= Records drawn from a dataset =
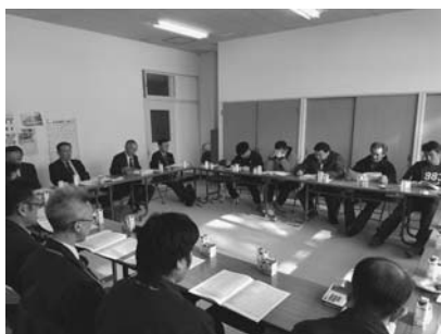
懇談会の様子（下浦南）

農協では懇談会での意見・質問について理事会で検討し、改善や対応を図って参ります。また、主な内容は次回の「くみあいだより」でお知らせいたします。
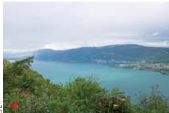
Lac du Bourget, col de la Chambotte et la musique en plus...

• faire découvrir la musique de chambre grâce à des dispositifs de médiation pour tous, inédits en musique classique avant, pendant et après les concerts.
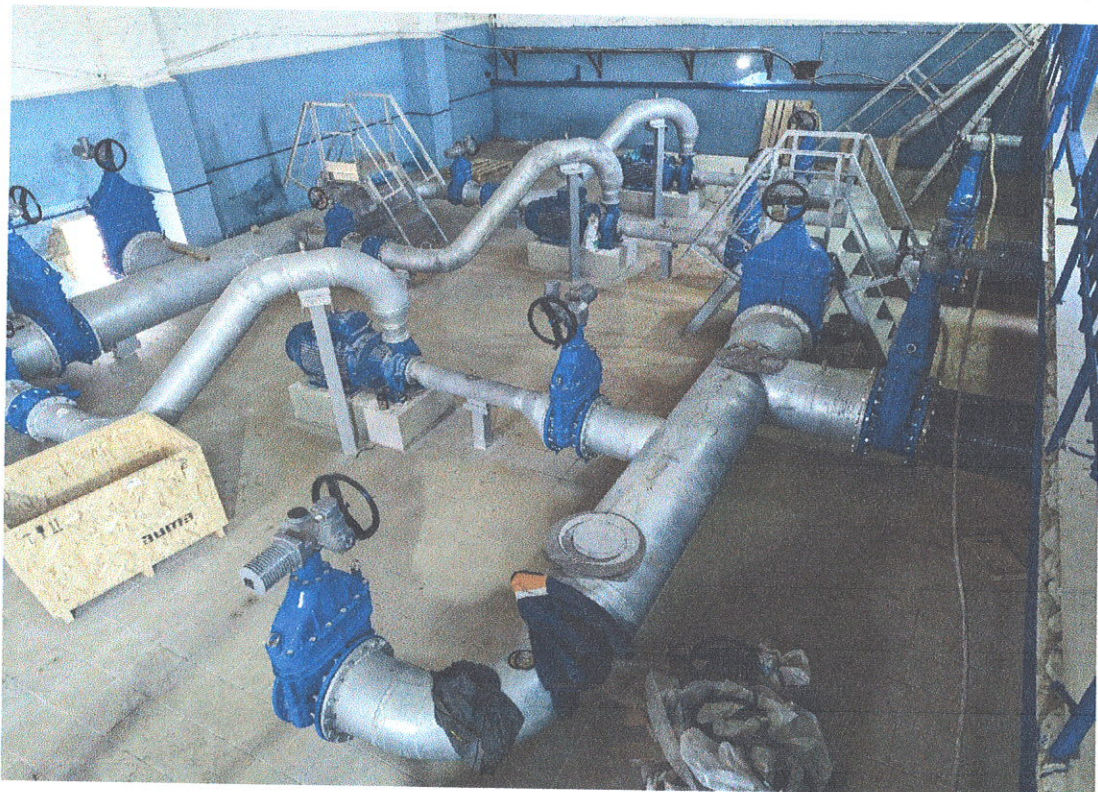
Установка насосного оборудования с трубопроводами и запорной арматурой (здание №629 ПВОС)
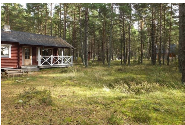
Vaade punktist 182 kirdesuunas elupaigale PRA_10:0. Loodust on suhteliselt vähe kahjustatud, maapinna tallamiskoormus on sobiv.
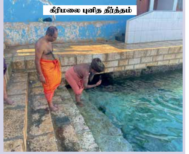
கீரிமலை புனித தீர்த்தம்
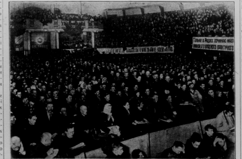
Десятий Всеукраїнський З'їзд Рад, що відбувся в Харкові, в театрі ім. Шевченка в дніх від 6-го до 10-го квітня 1927 року.

лістичного будівництва в нашій державі. До цього розвитку науки й культури необхідно приєднати ще величезну роботу в нашій книжково-газетно-видавничій діяльності. Ще не так давно наші українські газети та книжки були одиницями. Нині їх десятки і сотні тисяч поширилися по всій Україні. Таким чином, у великому Жовтневому перевороті пощастило провести небувалу реформу нижньої, середньої й вищої народної освіти, що в кілька разів перевищує передвоєнні досягнення в цій галузі й забезпечує надалі правильну організацію й зріст нашої радянської науки й культури. Коли раніш, під час царату і панування дворянства й буржуазії письменних в місті було 43%, а на селі 15%, то нині, всього тільки за 5 років нашої напруженої роботи в цій галузі ми маємо збільшення числа письменних в два рази, а по декуди і в три рази. Коли раніше тільки на селі бібліотека, то тепер ми маємо 3,500 сельбудів, 6,500 хат-читалень понад тисячу шкіл для ліквідації неписьменності і кілька тисяч пунктів, що працюють над ліквідацією неписьменності. А коли ще до цього додати величезний вплив на третій сторони.)
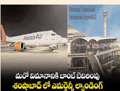
మరో విమానానికి బాంబ్ బెదిరింపు శంషాబాద్ లో ఎమర్జెన్సీ ల్యాండ్లింగ్

హైదరాబాద్ పెన్ పవర్:చేశంలో విమానాలకు బాంబ్ బెదిరింపుల పర్వం కొనసాగుతోంది. గడిచిన వారం రోజుల్లో దాదాపు 80 విమానాలకు
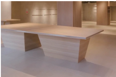
テーブル 1 脚 (360x170)
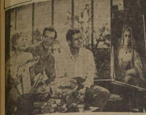
Joan Fontaine, Mel Ferrer y Robert Ryan en una escena de "Lecho de Rosas", que entra a su segunda semana de exhibición en el Central. Es un film RKO Radio.

El éxito alcanzado en su primera semana de exhibición por el film "Lecho de Rosas", que la RKO Radio Pictures, y que ha venido presentando el Teatro Central, ha hecho mantener esta cinta por una nueva semana de exhibición. Se trata de un estreno que ha sido elogiado por la crítica.
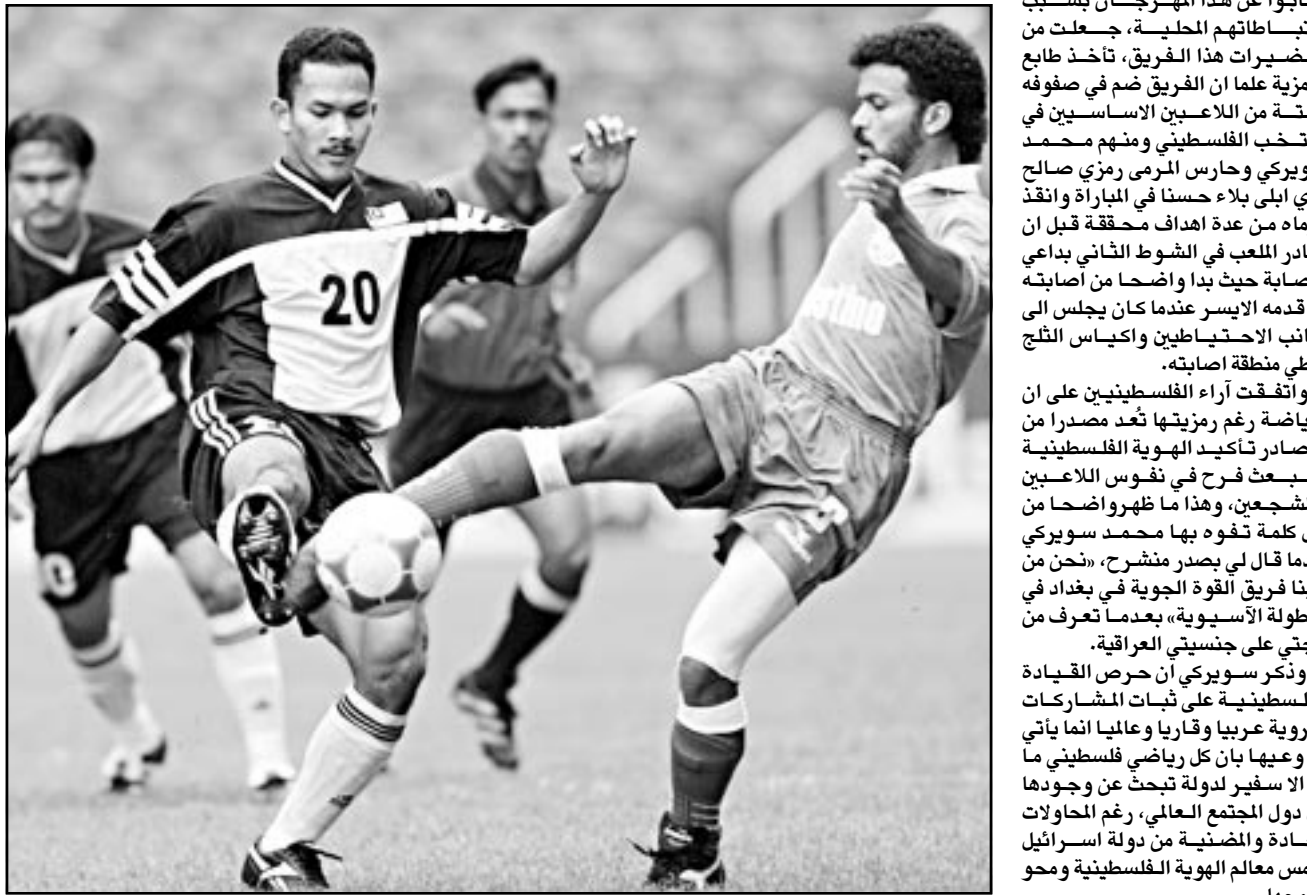
لقطة من إحدى مباريات منتخب فلسطين
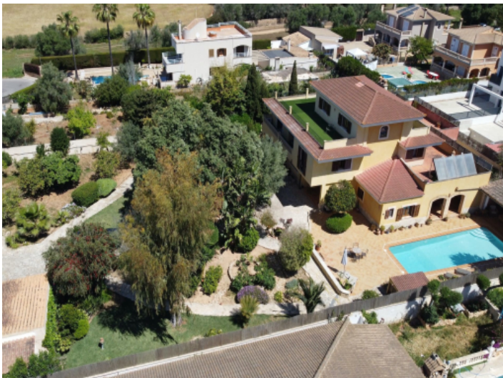
Stadtvilla mit Pool in Lluçmajor, Las Palmeras
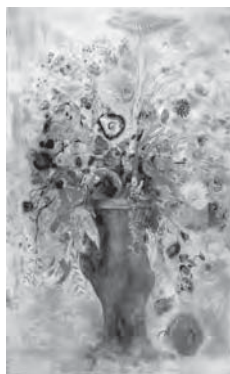
《グラン・ブーケ(大きな花束)》 1901年、248.3cm×162.9cm パステル/画布 三菱一号館美術館蔵

《グラン・ブーケ(大きな花束)》(三菱一号館美術館蔵)はフランスのブルゴーニュ地方ヴェズレー近郊のシャトーに秘蔵されていた、幻の大作でした。2011年にパリで初めて公開された時、現在オルセー美術館が所蔵する15点の装飾画とともに展示されると、大きな反響を巻き起こしました。三菱一号館美術館内に久しぶりに勢ぞろいする一連の装飾画は、ドムシー男爵が注文したのですが、男爵は謎が多く、肖像写真すらも見つかっていません。「ルドン - 秘密の花園」展出品作と描いた画家、そして注文主の謎に迫ります。
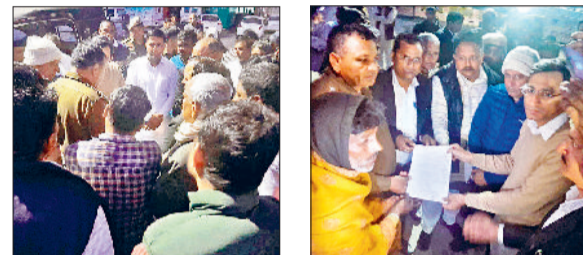
जींद। मृतक परिजनों से बातचीत कर उनका मांग पत्र लेते एसडीएम।

= INSTRUCTIONS TO FOLLOW =
Only the lines from the top of the records through the line with "Десятий Всеукраїнський З'їзд" belong in the copy; write them out exactly, leaving out pictures.

= ANSWER BELOW =
懇談会の様子（下浦南）

農協では懇談会での意見・質問について理事会で検討し、改善や対応を図って参ります。また、主な内容は次回の「くみあいだより」でお知らせいたします。
Lac du Bourget, col de la Chambotte et la musique en plus...

• faire découvrir la musique de chambre grâce à des dispositifs de médiation pour tous, inédits en musique classique avant, pendant et après les concerts.
Установка насосного оборудования с трубопроводами и запорной арматурой (здание №629 ПВОС)
Vaade punktist 182 kirdesuunas elupaigale PRA_10:0. Loodust on suhteliselt vähe kahjustatud, maapinna tallamiskoormus on sobiv.
கீரிமலை புனித தீர்த்தம்
Десятий Всеукраїнський З'їзд Рад, що відбувся в Харкові, в театрі ім. Шевченка в дніх від 6-го до 10-го квітня 1927 року.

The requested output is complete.